Poursuivre le combat civil
Revenant sur les actions en justice qui ont été déposées par les associations contre les municipalités et tous les autres responsables de cette situation, M.Hentati n’a pas manqué de rappeler que la société civile a gagné son procès contre l’Agence nationale de gestion des déchets (Anged) et certaines municipalités de la région, à l’issue de l’audience du 24 janvier dernier. En outre, vu le caractère exécutoire et urgent du jugement, les parties concernées sont dans l’obligation de l’exécuter et de procéder à la levée immédiate des déchets existants sur chaque territoire. Le même jugement ordonne à l’Anged de procéder au transport desdits déchets des centres de collecte vers un dépotoir provisoire, en attendant l’aménagement d’une décharge qui répond aux normes.
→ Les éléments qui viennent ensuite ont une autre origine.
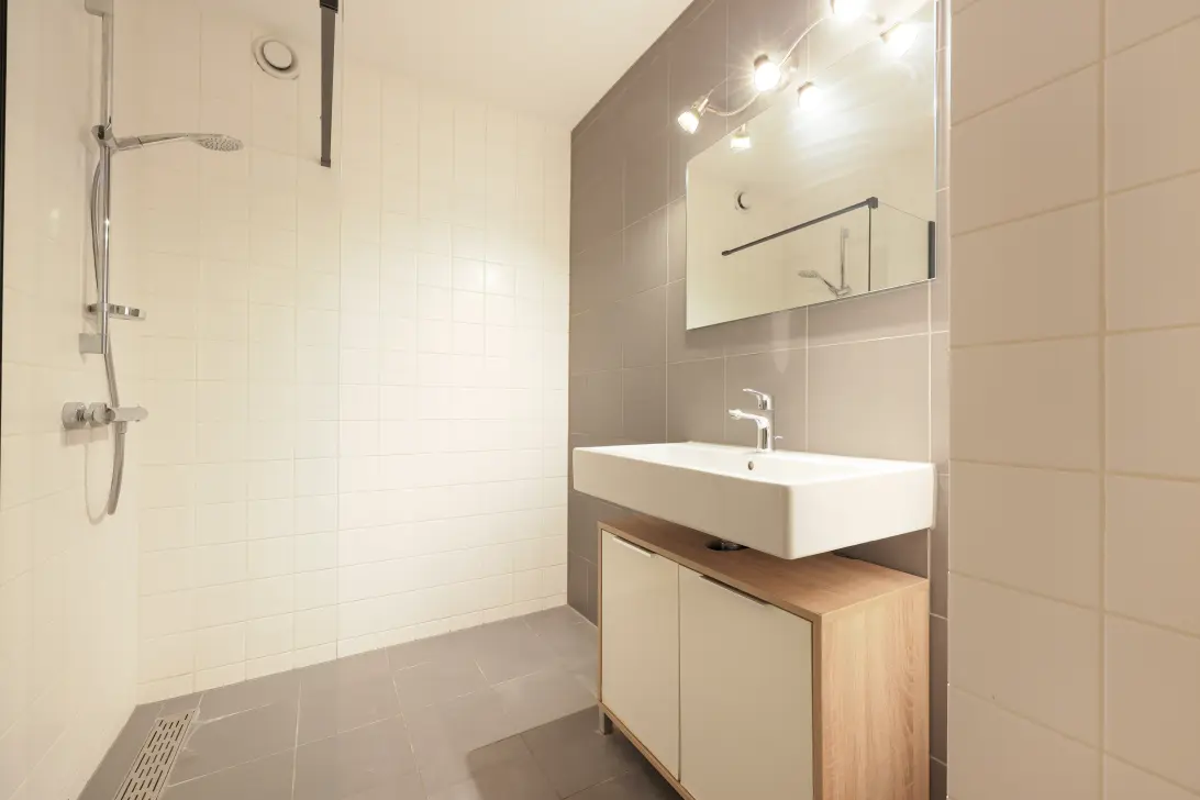 Het appartement beschikt over een ruime slaapkamer. De badkamer is verzorgd uitgevoerd en voorzien van een inloopdouche, wastafelmeubel en aansluiting voor de wasmachine. Daarnaast is er een separaat toilet met fonteintje en zijn er twee praktische bergkasten in de hal aanwezig.
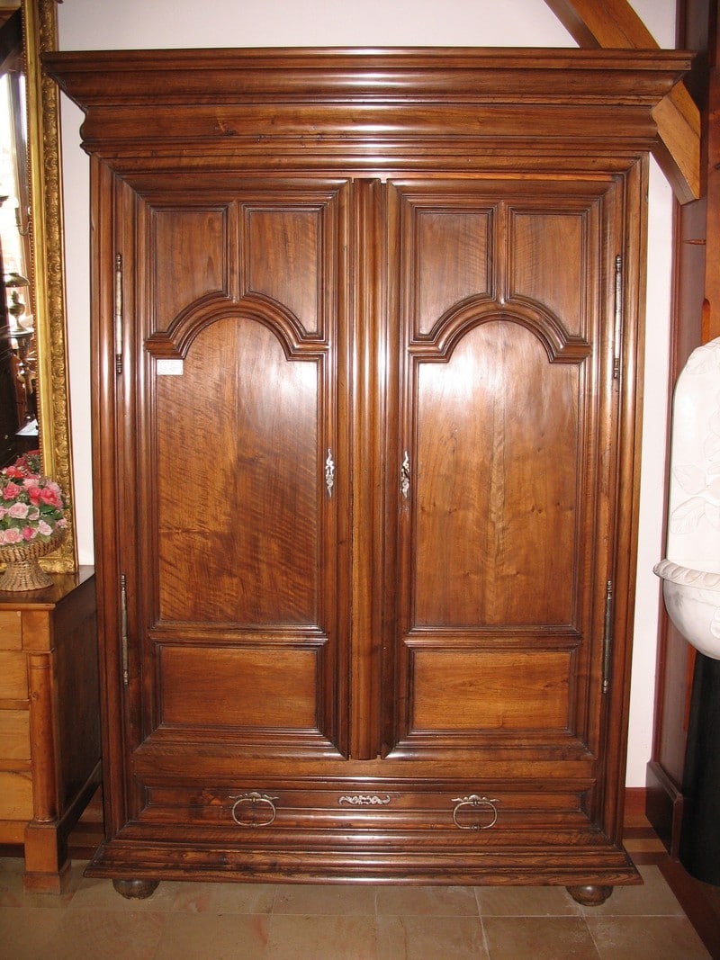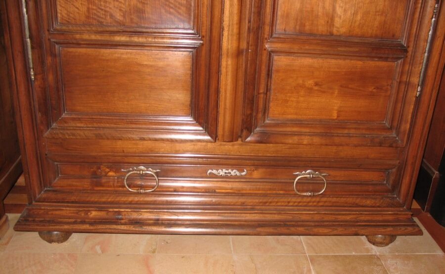 Majestueuse Armoire Louis XIV en noyer avec ses côtés en merisier du milieu du XVIIIème.

« Ce combat judiciaire va se poursuivre…Et on va utiliser tous les moyens civils disponibles pour lutter contre toutes les décisions qui mettent en danger notre droit à une vie saine et à un environnement propre… On croit énormément à ce combat civil. Et malgré la complexité de la situation, on est heureux de ce parcours juridique qui nous donne un autre moyen de pression pour trouver une solution définitive à ce problème. Mais il ne faut pas crier victoire trop vite, la crise persiste encore et on craint le pire surtout avec l’approche de la chaleur et de l’été d’où l’urgence de trouver une solution radicale à cette crise environnementale sinon nous risquons de revenir à la case départ », souligne-t-il.